POSIX defines two regular-expression dialects — Basic (BRE) and Extended (ERE) — and the difference between them trips up almost everyone who moves between grep, sed and awk. The same pattern can mean completely different things depending on which flavor a tool uses by default. This reference puts the two dialects side by side, lists the standard bracket character classes, and tells you which tool speaks which dialect.
How it works
In a Basic Regular Expression the special characters that do grouping,
alternation and counting are written with a leading backslash: grouping is
\( \), alternation is \|, and a bound is \{m,n\}. Without the backslash
those characters are literal. In an Extended Regular Expression the same
constructs are written bare — ( ), |, {m,n} — and a backslash makes them
literal instead. The anchors ^ and $, the dot ., the star *, and bracket
expressions [...] behave the same in both dialects.

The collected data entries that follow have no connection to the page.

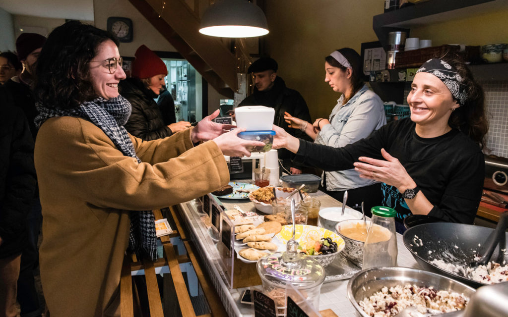 La boulangerie Emma Duvere, dans le 11ème arrondissement et membre d’Ecotable, réduit de 20cts le prix de sa soupe chaque fois que le client vient avec son contenant. Une petite action pour le porte-monnaie mais un grand pas pour la panète !
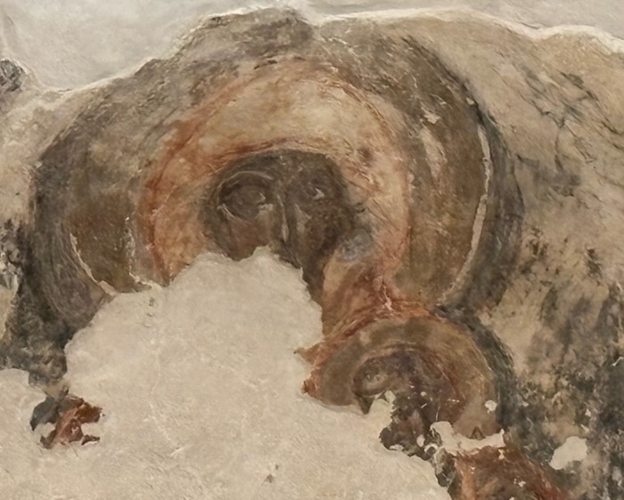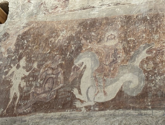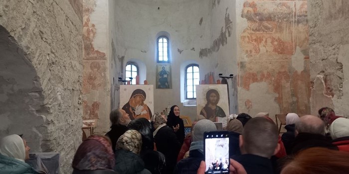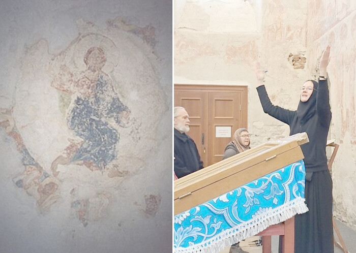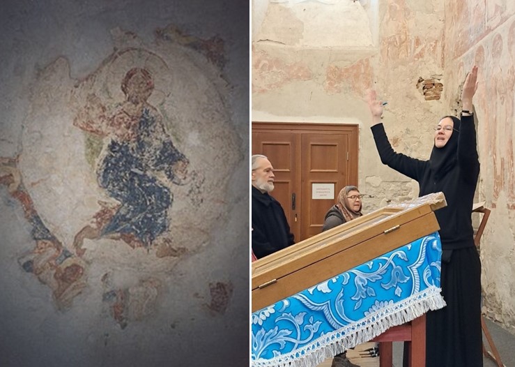 Во время экскурсии по монастырю мы побывали в соборе Рождества Богородицы. Проводившая экскурсию монахиня Валерия рассказала о работе реставраторов, частично восстановивших сохранившиеся фрагменты росписи XIV века, и подробно разъяснила их смысл и значение.
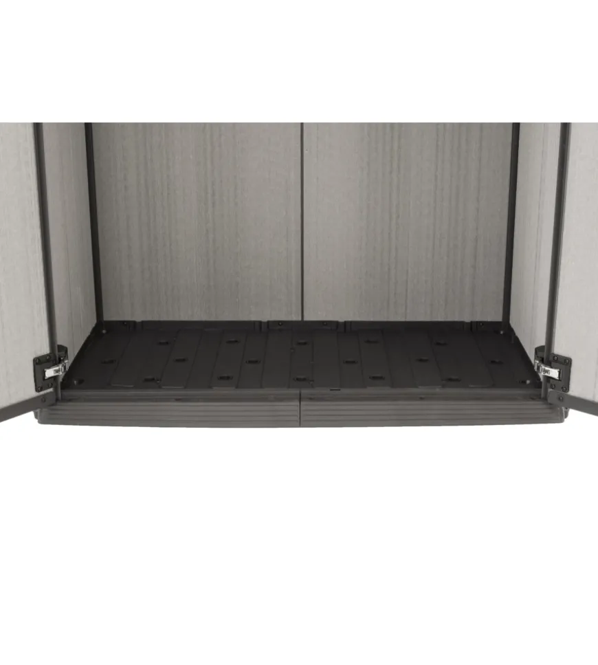 Pavimentazione rinforzata per maggiore stabilità, ampia apertura frontale con porte richiudibili.
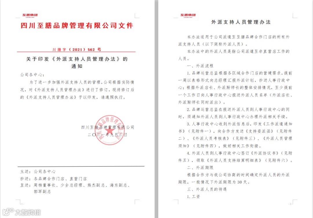 9月2日,至膳品牌对现行《外派支持人员管理办法》进行了修订,进一步加强了对外派支持人员的管理。
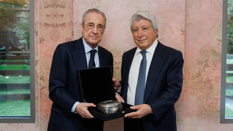 歐冠馬德里德比前,弗洛倫蒂諾與馬競(jìng)主席塞雷佐會(huì)面并贈(zèng)送禮物

POSIX has no single-letter shorthand classes. Instead it provides named
bracket character classes like [:alpha:], [:digit:] and [:space:], which
must appear inside a bracket expression — so a digit is [[:digit:]]. This keeps
matching correct across locales and character sets where the ASCII ranges alone
would be wrong.
Tips and notes
Remember the tool defaults: grep and sed are BRE unless you pass -E, while
awk and egrep are ERE. GNU adds convenience extensions (such as \+ and \?
in BRE) that are not portable to other Unixes, so a script that must run anywhere
should stick to the strict POSIX forms shown in the table.